The objective of the lab is to equip participants with the skills to analyze and gain insights from customer data, which they can use to improve business strategies and decision-making processes. Participants will learn how to use Python programming language libraries such as Pandas, NumPy, and Scikit-learn to preprocess the data, perform clustering using algorithms such as K-Means, Hierarchical Clustering, and DBSCAN, and visualize the results using techniques such as scatter plots, 3D plots, and heatmaps.

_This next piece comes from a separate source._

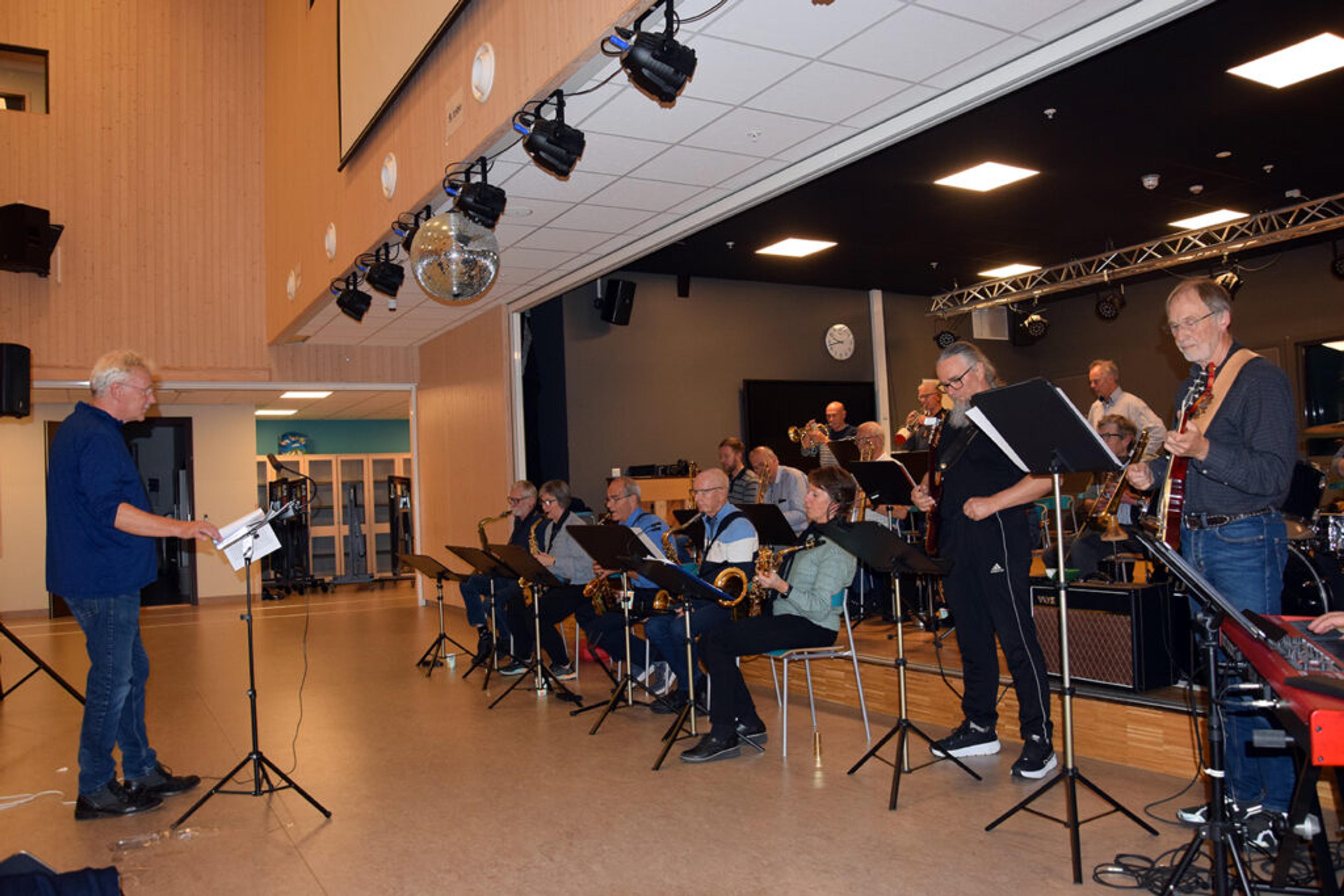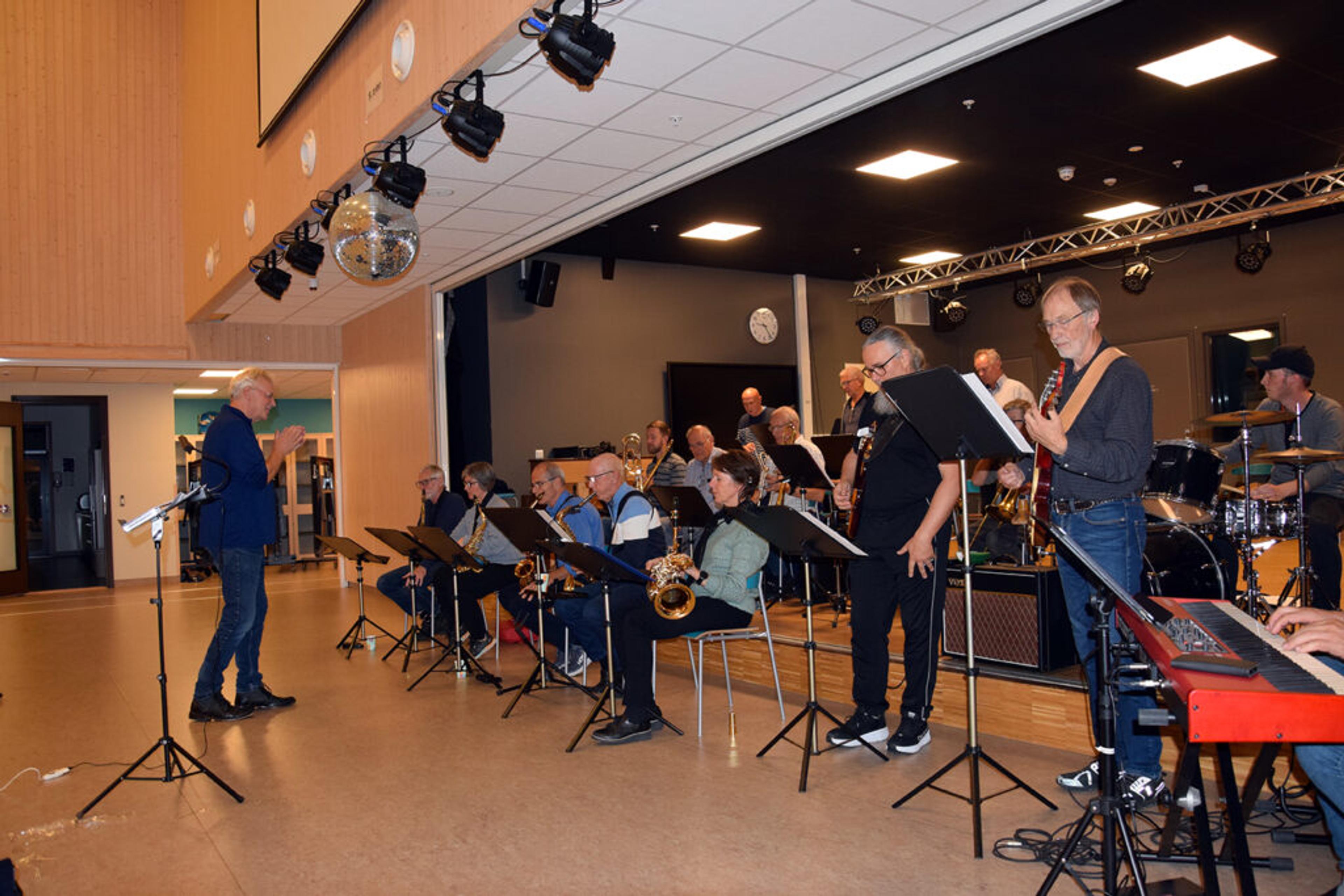 FULL FOKUS: Jens Wendelboe dirigerer Storbandet Fokus. I ei pause forteller han til ReAvisa at han liker det han hører fra bygdas storband. Foto: Håkon Westby.

If you don't know Python don't worry we've got you backed up here are some resources to learn python:
- [Introduction to Python - DataCamp](https://www.datacamp.com/courses/intro-to-python-for-data-science)
- [Python for Data Science: Fundamentals  - DataQuest](https://www.dataquest.io/course/python-for-data-science-fundamentals/)
- [Python for Data Science: Intermediate  - DataQuest](https://www.dataquest.io/course/python-for-data-science-intermediate/)
- [Maybe you prefer books](https://pythonbooks.org/free-books/)


## Tasks:
The workshop consists of multiple tasks which have to be solved sequentially:

1. **Data cleaning.** Clean the bank customer data by handling missing values, identifying and handling outliers, and transforming the data as needed. 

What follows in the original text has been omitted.